Ruby en Python zijn twee geweldige programmeertalen qua interpretatie en dynamische typing. Je kunt meer lezen over hun toepassingen, populariteit en gemeenschap in een van de artikelen op deze blog. Deze talen hebben veel dingen gemeen, maar ook veel verschillen. In dit artikel zal ik er een paar introduceren.
Gelijkenissen
Aangezien deze talen kunnen worden opgenomen in dezelfde categorie van dynamisch getypeerde geïnterpreteerde talen, bestaat er geen twijfel over dat ze vergelijkbaar zijn.
Dynamisch typen
Beide Python en Ruby zijn dynamisch getypeerde talen.

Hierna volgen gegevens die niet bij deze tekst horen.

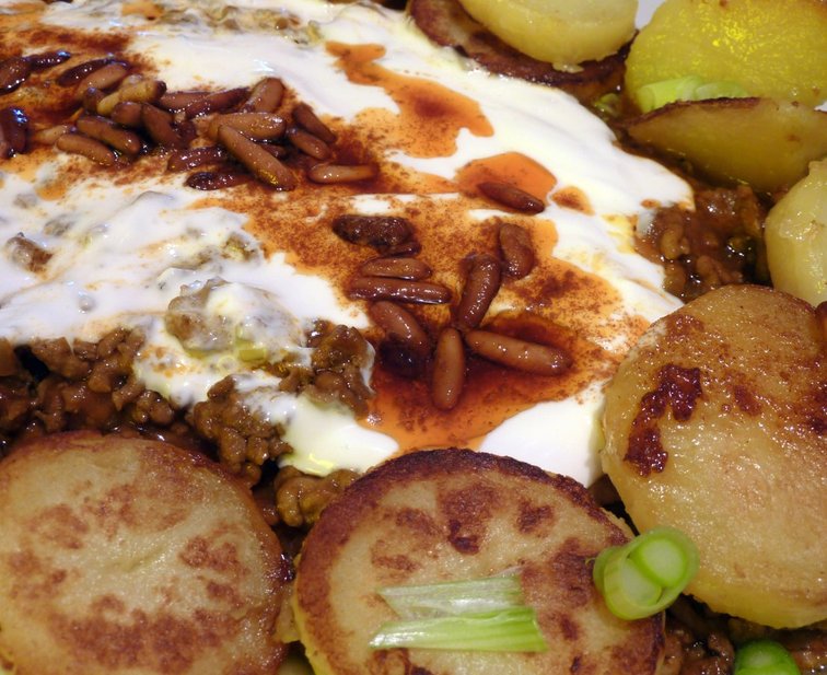 Variation of fatteh using potatoes instead of bread.
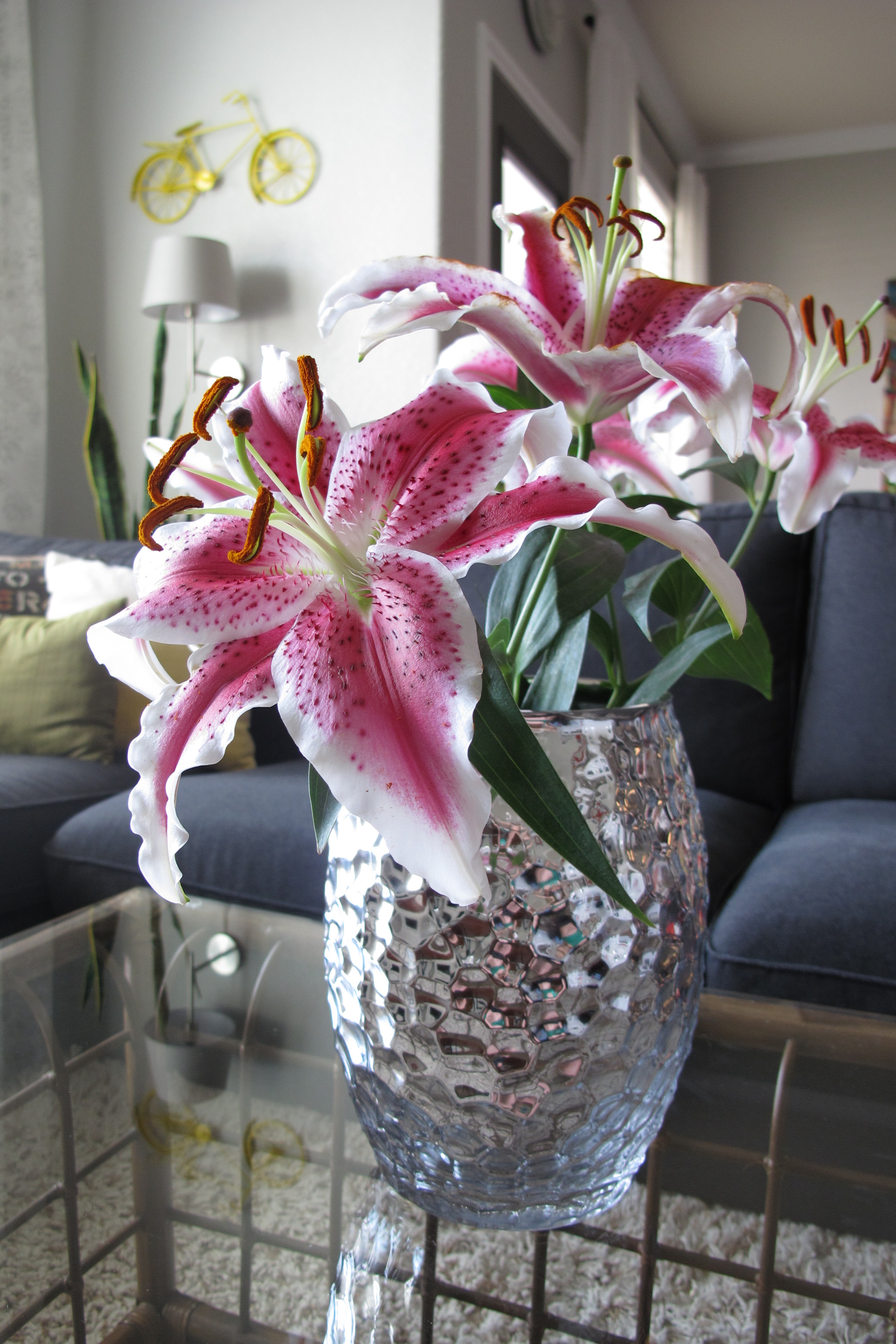 I love the blingy, glittery vase in contrast with our rattan coffee table. It just happys up the living room to no end. Now, if only I could keep the arrangement here all the time… Unfortunately, having a three-year-old requires glamorous flowers to be relocated to the kitchen island after picture-taking time. Just keepin’ it real, here. I will say that I enjoyed their eye-candy-producing time on the coffee table, no matter how short the period. So, that’s my newest adventure in flower fun. I hope everyone has a great weekend!!

Als gevolg hiervan hoeft de programmeur het type van variabelen niet op te geven tijdens het schrijven van de code. Hun type wordt bepaald terwijl het programma draait en kan veranderen. Het type van een variabele wordt afgeleid van de waarde die erin is opgeslagen. De volgende code zal correct werken in deze talen:
variabele = 1
variabele += 2.5
variabele = "voorbeeldtekenreeks
variabele = [2, 3.5, "voorbeeldtekenreeks"]
Zuivere syntaxis
Dit hangt onder andere samen met het punt hierboven. Omdat het niet nodig is om types te declareren, statements te eindigen met een puntkomma en ook omdat het scripttalen zijn, is zowel het schrijven als het lezen eenvoudig. Goed geschreven code is zelfs leesbaar voor mensen die nog niet eerder met deze talen in aanraking zijn geweest.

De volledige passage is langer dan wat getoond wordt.